In the datadog cookbook for Chef, we provide an interface just like this. An end user can build up a list of structured data entries made up of hash objects (or maps or dicts, depending on your favorite language), and then pass that into a node object, and expect that these details will be rendered into a configuration file template (and restart the service, etc).

This allows the end user to take the code, not modify it at all, and provide inputs to it to receive the desired state.

Jumping further into Chef’s handling of node attributes now.

== Attribute
Attribute implements a nested key-value (Hash) and flat collection
(Array) data structure supporting multiple levels of precedence, such
that a given key may have multiple values internally, but will only
return the highest precedence value when reading.

Attributes are subclassed of the Mash object type – which has some cool features, like deep-merging lower data structures – and then attributes are compiled together to make collections of these node attribute objects, which are then “frozen” into another class type named Chef::Node::ImmutableArray or Chef::Node::ImmutableHash to prevent further mucking around with them.

All this is cool so far, and is really useful in most cases.

In my case, I want to allow the user to provide the data needed, and then have the data written our, or deserialized, into a configuration file, which can then be read by the Agent process.

The simple way you might think to do this is to tell the YAML module of Ruby’s standard library (which is actually an alias to the Psych module) to emit the structured YAML and be done with it.

In an Erubis (ERB) template, this would look like this:

<%= YAML.dump(array_of_mash_data) %>

However, I’d like to inject a header to the array before rendering it, so I’ll do that first:

<%= YAML.dump({ 'instances' => array_of_mash_data }) %>

What this does is render a file like so:

---
instances:
- !ruby/hash:Mash
  host: localhost
  port: 9999
  extra_key: extra_val
  conf:
  - !ruby/hash:Mash
    include: !ruby/hash:Mash
      domain: org.apache.cassandra.db
      attributes:
      - BloomFilterDiskSpaceUsed
      - Capacity
      foo: bar
    exclude:
    - !ruby/hash:Mash
      domain: evil_domain

As you can see, there’s these pesky lines that include a special YAML-oriented tag that start with exclamation points – !ruby/hash:Mash – these are there to describe the data structure to any YAML loader, saying “hey, the thing you’re about to load is an instance of XYZ, not an array, hash, string or integer”.

Unfortunately, when parsing this file from the Python side of things to load it in the Agent, we get some unhappiness:

$ sudo service datadog-agent configcheck
your.yaml contains errors:
    could not determine a constructor for the tag '!ruby/hash:Mash'
  in "<byte string>", line 7, column 5

So it’s pretty apparent that I can do one of two things:

  • teach Python how to interpret a Ruby + Mash constructor
  • figure out how to remove these from being rendered

The latter seemed most likely, since I didn’t really want to teach Python anything new, especially since this is really a Hash (or a dict, in pythonese).

So I experimented with taking items from the Mash, and running them through a built-in method to_hash – which seemed likely to work.

Not really.

<%= YAML.dump({ 'instances' => @instances.map { |item| item.to_hash }}) %>

That code only steps into the first layer of the data structure and converts the segment starting with host: localhost into a Hash, but the sub-keys remain Mash objects.

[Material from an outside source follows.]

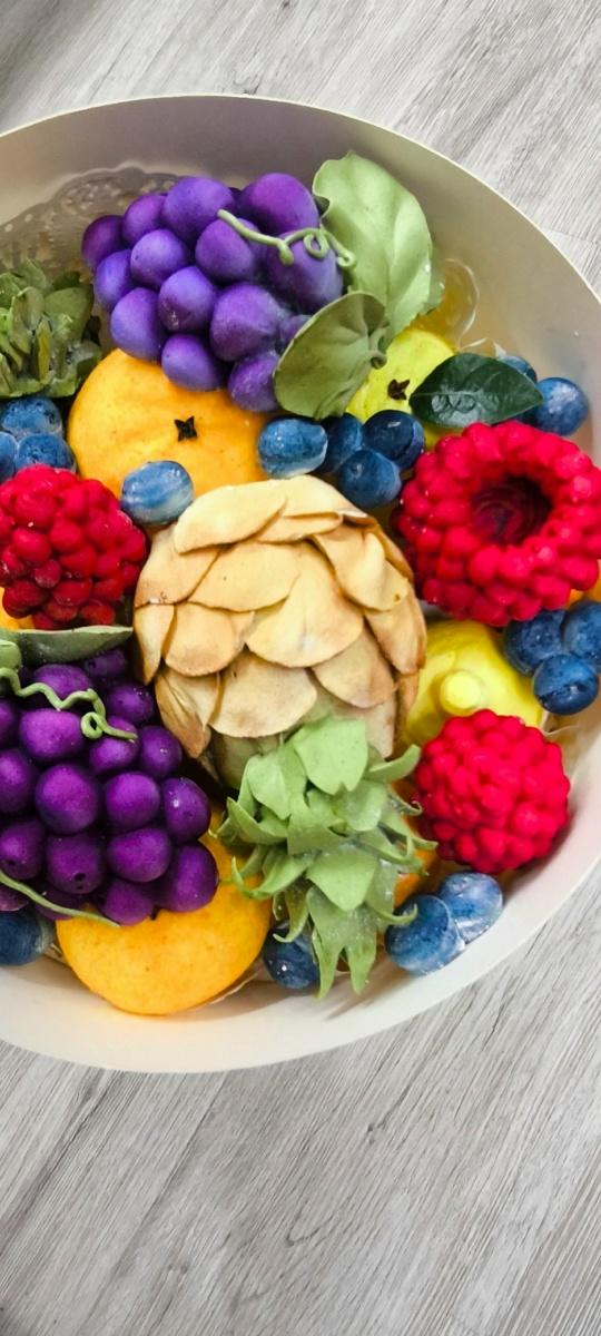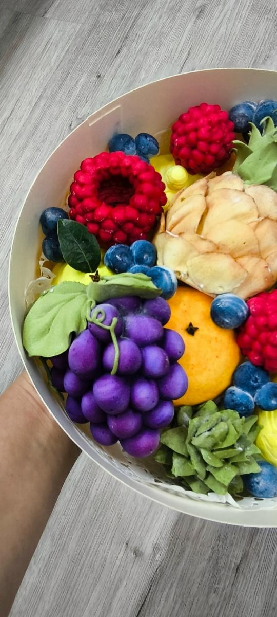 Зефирная композиция "Фрукты и ягоды" в коробке диаметром 23 см. из яблочного зефира. *Возможно исполнение вариантов вкусового зефира (цена по договорённости).

Grr.

Digging around, I found other reported problems where people have extended Chef objects with some interesting methods trying to solve the same problem.

This means that I’d have to add library code to my project, then modify the template renderer to make the helper code available, then tell the template to render it using these subclassed methods, and then have to worry about it.

ARGH.

Instead, I tried another tactic, which seems to have worked out pretty well.

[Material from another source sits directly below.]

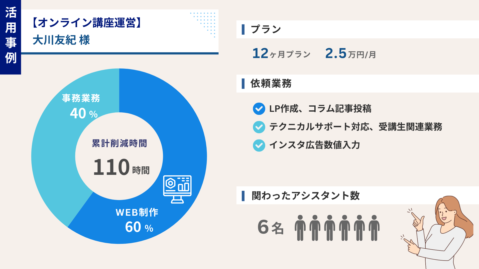 タスカルさんは、私の事業の「縁の下の力持ち」のような存在です。オンラインアシスタントサービスはたくさんありますが、タスカルさんは担当の方と密に連携しながら、安心して業務を任せられるのが大きな魅力です。

Instead of trying to walk any size of a data structure and attempt to catch every leaf of the tree, I turned instead to another mechanism to “strip” out the Ruby-specific data structure details, and keep the same structure, so I used the ol’ faithful – JSON.

By using built-ins to convert the Mash to a JSON string, then have the JSON library parse it back into a datastructure, and then serialize it to YAML, we remove all of the extras from the picture, leaving us with a slightly modified ERB method:

<%= JSON.parse(({ 'instances' => @instances }).to_json).to_yaml %>

I then took to benchmarking both methods to see if there would be any significant impact on performance for doing this. Details are over here. Short story: not much impact.

So I’m pretty happy with the way this turned out, and even if I’m moving objects back and forth between serialization formats, the end result is something the next program (Datadog Agent) can consume.

Hope you enjoyed!